Fortuntately, we have been shown a means of reducing and possibly eliminating, at least temporarily, these unsatisfied and unsatisfiable demands - unsatisfiable demands, in the sense that what we are demanding is not practical or due to us. That means is the logically interrelated process of self-examination, meditation and prayer that Bill writes of in Step 11. I was told by my greatest spiritual mentor, a man that sought an ever-deepening consciousness of the divine order of this universe until his dying day, that we are or should be constantly in the process of doing Steps 3, 7 and 11: affirming and invoking that deeper God-consciousness that forms the basic fabric of our being, recognizing when we hav reattached to our desire-fueled fears that strip us us of conscious contact withG_d's grace and seeking a return to that grace through the process of self-forgetting in contemplative meditation.

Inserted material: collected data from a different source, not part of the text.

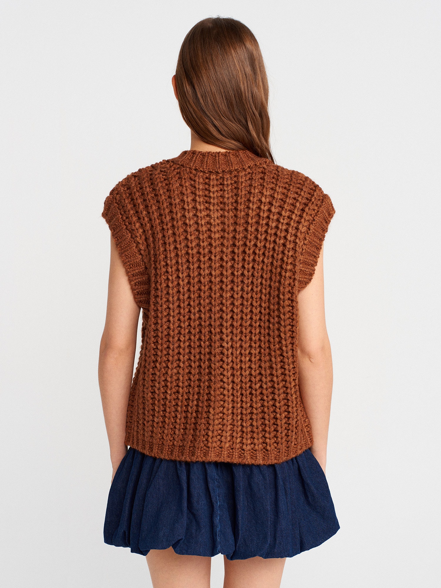 Bisiklet Yaka Kol Ortası Droplu Kazak Koyu Kahve
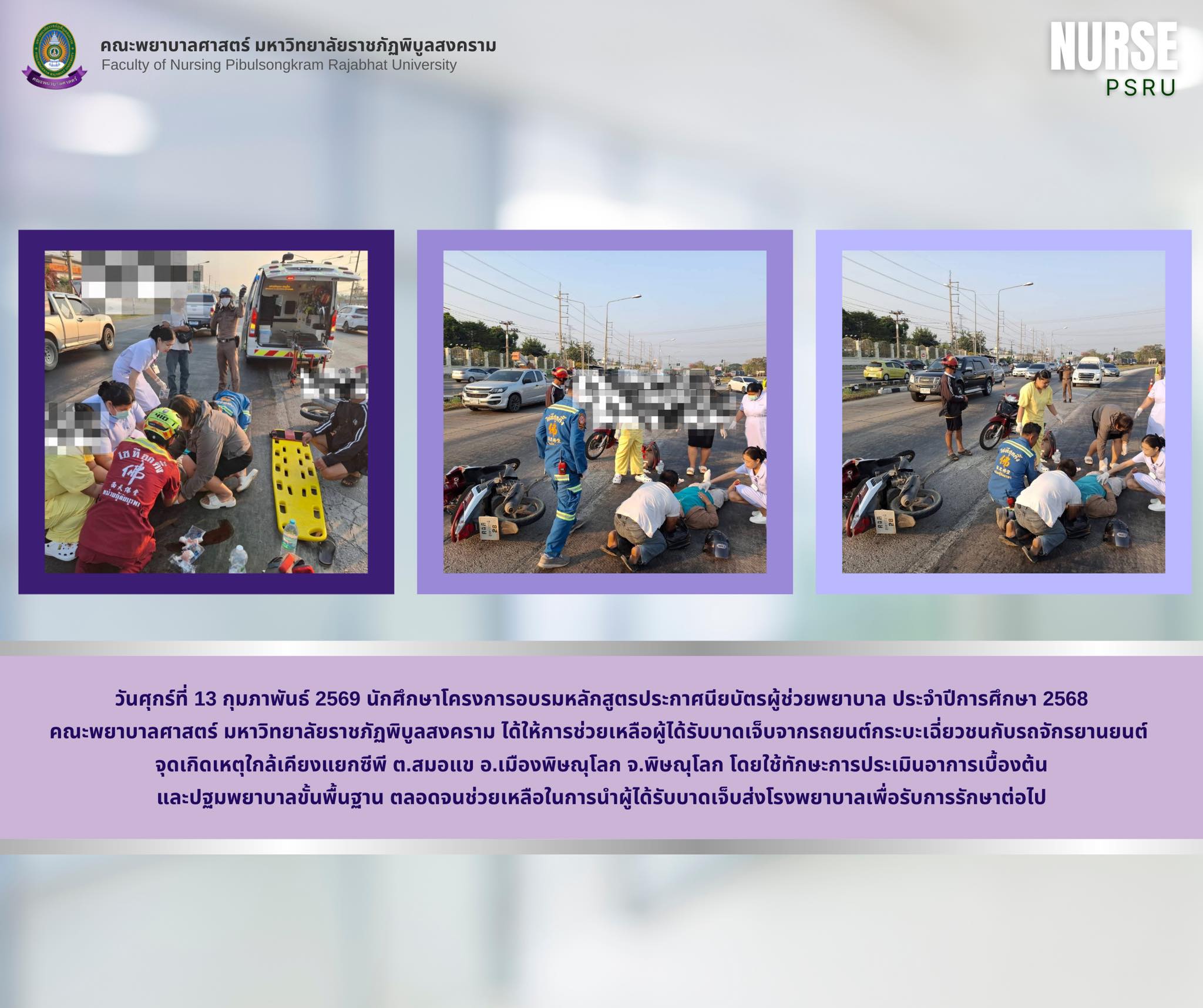 วันศุกร์ที่ 13 กุมภาพันธ์ 2569 นักศึกษาโครงการอบรมหลักสูตรประกาศนียบัตรผู้ช่วยพยาบาล คณะพยาบาลศาสตร์ มหาวิทยาลัยราชภัฏพิบูลสงคราม ได้ให้การช่วยเหลือผู้ได้รับบาดเจ็บจากรถยนต์กระบะเฉี่ยวชนกับรถจักรยานยนต์ จุดเกิดเหตุใกล้เคียงแยกซีพี ต.สมอแข อ.เมืองพิษณุโลก จ.พิษณุโลก โดยใช้ทักษะการประเมินอาการเบื้องต้น และปฐมพยาบาลขั้นพื้นฐาน ตลอดจนช่วยเหลือในการนำผู้ได้รับบาดเจ็บส่งโรงพยาบาลเพื่อรับการรักษาต่อไป
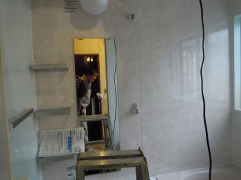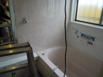 | ユニットバスの壁面も組み立てていきます。 | 新しいユニットバスの設置が完了しました。 |
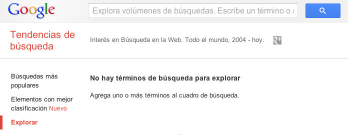Al entrar en la Aplicación (http://www.google.es/trends/) encontraremos algo similar a esto:
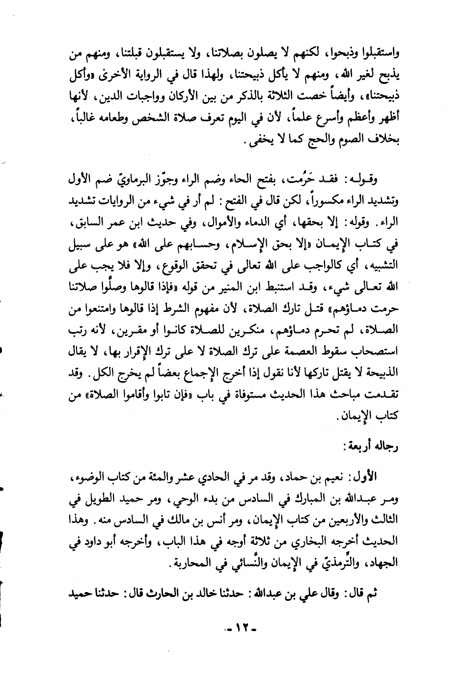الأول: نعيم بن حماد، وقد مر في الحادي عشر والمئة من كتاب الوضوء، ومرّ عبد الله بن المبارك في السادس من بدء الوحي، ومرّ حميد الطويل في الثالث والأربعين من كتاب الإيمان، ومرّ أنس بن مالك في السادس منه. وهذا الحديث أخرجه البخاريّ من ثلاثة أوجه في هذا الباب، وأخرجه أبو داود في الجهاد، والتِّرمذيّ في الإيمان والنَّسائيّ في المحاربة.

This is the only method that I have learned or been shown - and I have achieved some great material and financial successes and successes in my personal, social and familial relationships through my own efforts and other methodologies- that has brought me any degree of deep or lasting peace of mind. I know that recourse to the eternal within brings me to a consciousness of serenity in both my mind and my surroundings. It brings me to an inner place where I lack nothing and want for nothing, where fear and desire subside, wane and are gone so long as I remain there.